The percent of fat calories that a person that in America consumes each day is normallydistributed with a mean of 36 and a standard deviation of 10. Suppose that 16 individuals are randomly chosen for an experiment.
1. Completely describe the distribution of sample means for the group of 16 individuals that was chosen in the experiment above. (please show work so I know how to do it myself!)
2. For the group of 16, find the probability that the average percent of fat calories consumed is more than 30 calories.
Thank you!
1. Mean = Sample mean
Variability for distribution of means = SEm = SD/√n
2. Z = (score-mean)/SEm
Find table in the back of your statistics text labeled something like "areas under normal distribution" to find the proportion/probability related to the Z score.

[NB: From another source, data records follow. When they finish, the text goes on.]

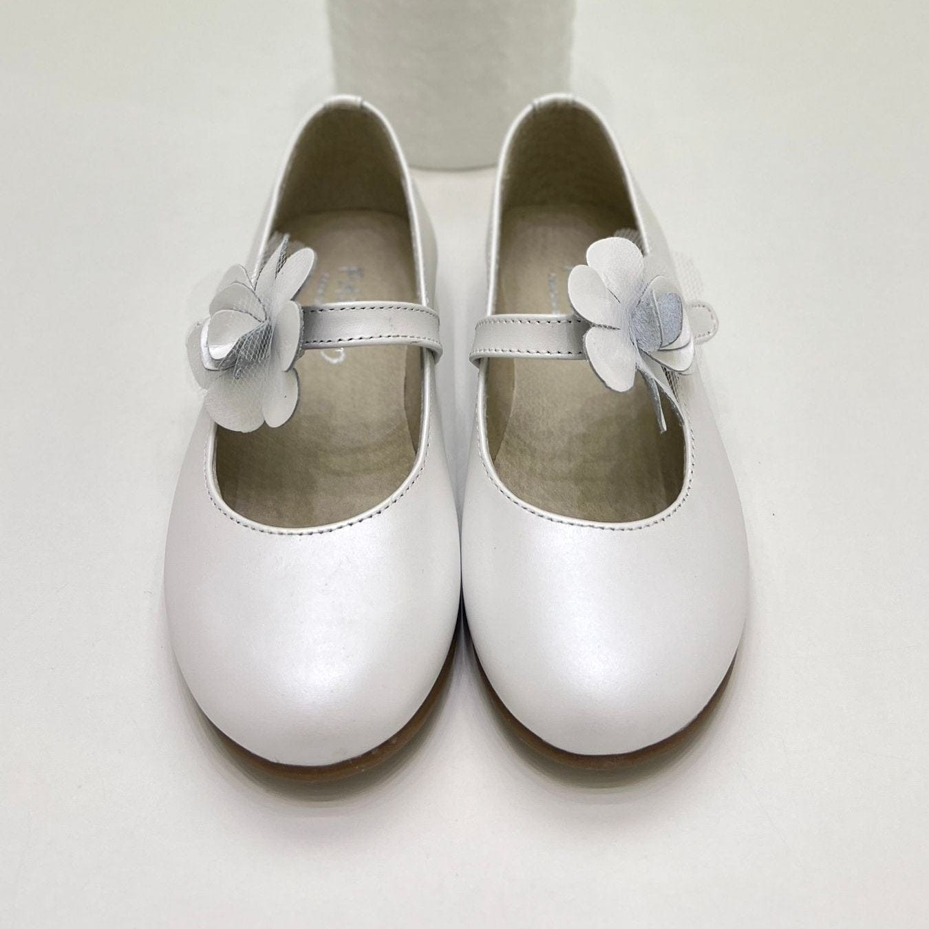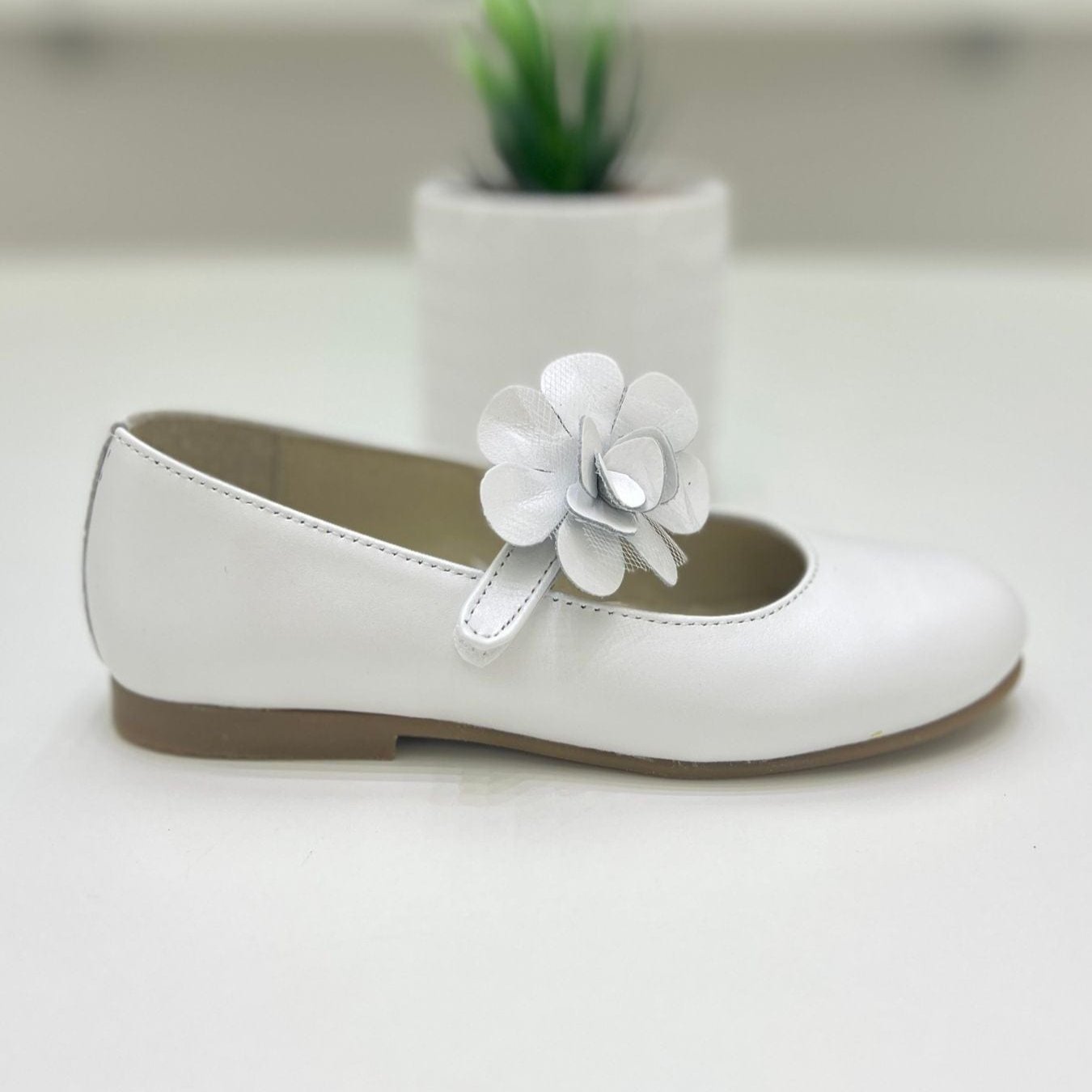 Ballerina bimba in pelle con fiore color bianco perlato.
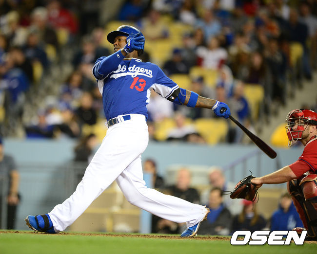 5회말 무사에서 다저스 라미레즈가 연타석 솔로포를 날리며 타구를 바라보고 있다.
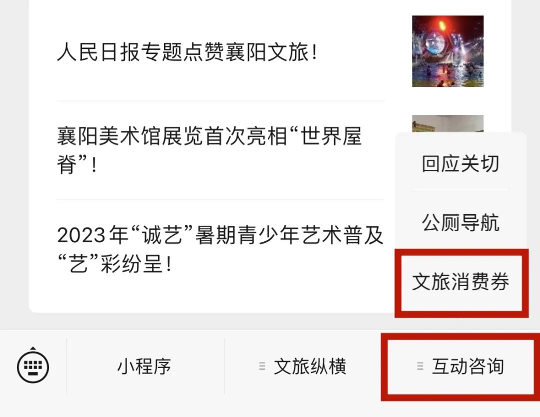微信小程序平台:在“襄阳文化旅游”微信公众号主页,点击“发消息”,选择“互动咨询”-“文旅消费券”,进入“襄阳好风日”消费券小程序,在活动前完成实名认证后,按照指引领取;
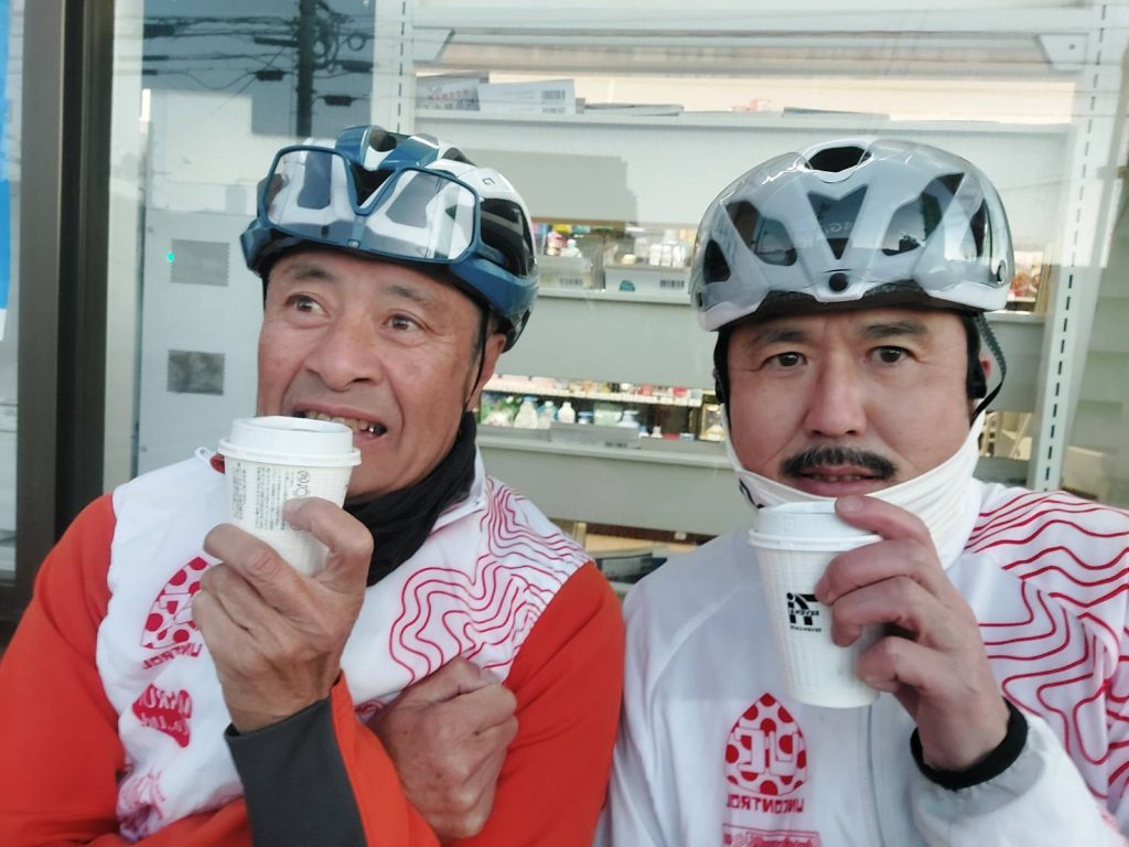 ジジイ2人が肩を寄せ合ってホットコーヒーを飲みますが、

To answer the questions, we need to understand the concept of sampling distribution and how to calculate probabilities using the standard normal distribution.
Let's start with Question 1:
1. Distribution of Sample Means:
The distribution of sample means is also known as the sampling distribution. It describes how the means of different samples from the same population are distributed.
In this case, we have a sample size of 16 individuals randomly chosen for the experiment. We know that the population mean is 36 and the standard deviation is 10.
To find the distribution of sample means, we need to calculate the mean and standard deviation of the sample means.
The mean of the sample means (also known as the expected value) is equal to the population mean:
μx = μ = 36
The standard deviation of the sample means (also known as the standard error) is equal to the population standard deviation divided by the square root of the sample size:
σx = σ / √n = 10 / √16 = 10 / 4 = 2.5
Therefore, the distribution of sample means for the group of 16 individuals is normally distributed with a mean of 36 and a standard deviation of 2.5.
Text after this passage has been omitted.